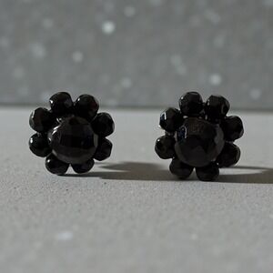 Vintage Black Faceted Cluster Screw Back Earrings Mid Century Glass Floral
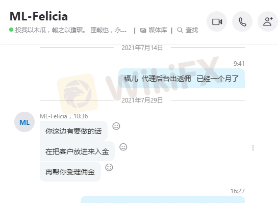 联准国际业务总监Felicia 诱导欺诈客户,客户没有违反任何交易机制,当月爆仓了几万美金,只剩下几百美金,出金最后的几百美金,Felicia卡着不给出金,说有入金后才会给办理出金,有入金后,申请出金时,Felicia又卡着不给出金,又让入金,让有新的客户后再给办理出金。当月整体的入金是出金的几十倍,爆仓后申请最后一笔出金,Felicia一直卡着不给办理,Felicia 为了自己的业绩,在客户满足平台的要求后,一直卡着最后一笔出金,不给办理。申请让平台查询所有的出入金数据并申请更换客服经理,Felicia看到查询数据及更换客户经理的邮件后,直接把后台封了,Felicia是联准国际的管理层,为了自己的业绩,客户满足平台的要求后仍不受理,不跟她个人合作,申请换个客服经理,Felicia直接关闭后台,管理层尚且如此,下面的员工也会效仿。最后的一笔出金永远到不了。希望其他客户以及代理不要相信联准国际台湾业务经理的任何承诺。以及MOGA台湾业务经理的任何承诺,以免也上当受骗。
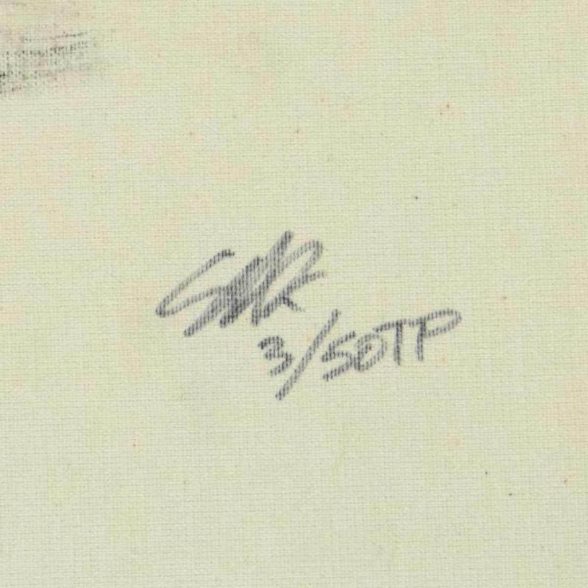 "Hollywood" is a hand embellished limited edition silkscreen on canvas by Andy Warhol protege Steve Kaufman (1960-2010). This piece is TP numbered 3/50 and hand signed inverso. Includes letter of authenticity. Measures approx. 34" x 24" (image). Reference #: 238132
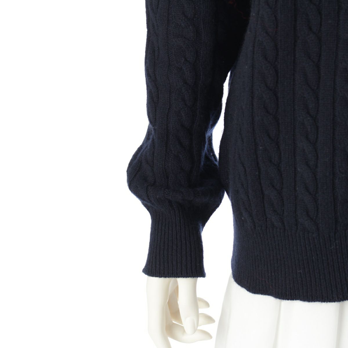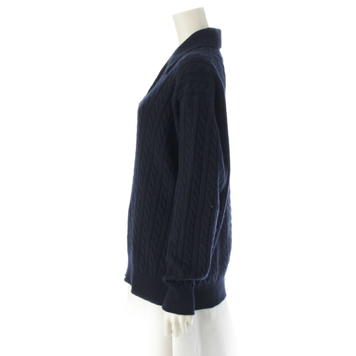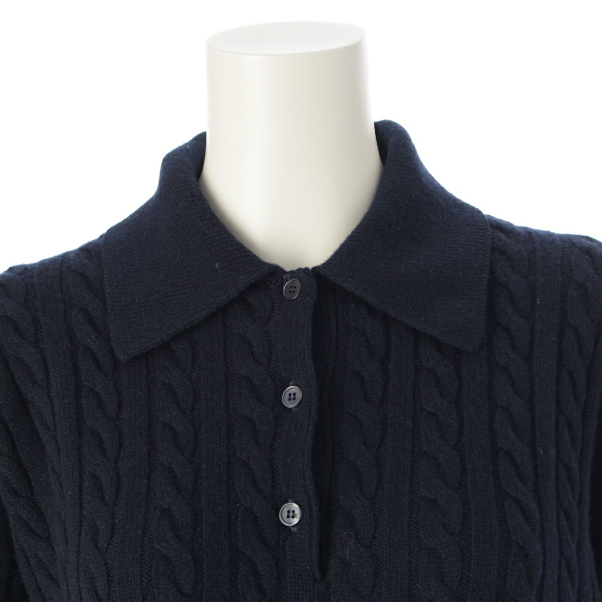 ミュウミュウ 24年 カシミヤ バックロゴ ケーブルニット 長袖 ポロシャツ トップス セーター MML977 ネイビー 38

____

WHAT NEEDS TO BE DONE> Transcribe all data precisely. Pictures are not copied.

RESPONSE BELOW>
 Vintage Black Faceted Cluster Screw Back Earrings Mid Century Glass Floral
 联准国际业务总监Felicia 诱导欺诈客户,客户没有违反任何交易机制,当月爆仓了几万美金,只剩下几百美金,出金最后的几百美金,Felicia卡着不给出金,说有入金后才会给办理出金,有入金后,申请出金时,Felicia又卡着不给出金,又让入金,让有新的客户后再给办理出金。当月整体的入金是出金的几十倍,爆仓后申请最后一笔出金,Felicia一直卡着不给办理,Felicia 为了自己的业绩,在客户满足平台的要求后,一直卡着最后一笔出金,不给办理。申请让平台查询所有的出入金数据并申请更换客服经理,Felicia看到查询数据及更换客户经理的邮件后,直接把后台封了,Felicia是联准国际的管理层,为了自己的业绩,客户满足平台的要求后仍不受理,不跟她个人合作,申请换个客服经理,Felicia直接关闭后台,管理层尚且如此,下面的员工也会效仿。最后的一笔出金永远到不了。希望其他客户以及代理不要相信联准国际台湾业务经理的任何承诺。以及MOGA台湾业务经理的任何承诺,以免也上当受骗。
 "Hollywood" is a hand embellished limited edition silkscreen on canvas by Andy Warhol protege Steve Kaufman (1960-2010). This piece is TP numbered 3/50 and hand signed inverso. Includes letter of authenticity. Measures approx. 34" x 24" (image). Reference #: 238132
 ミュウミュウ 24年 カシミヤ バックロゴ ケーブルニット 長袖 ポロシャツ トップス セーター MML977 ネイビー 38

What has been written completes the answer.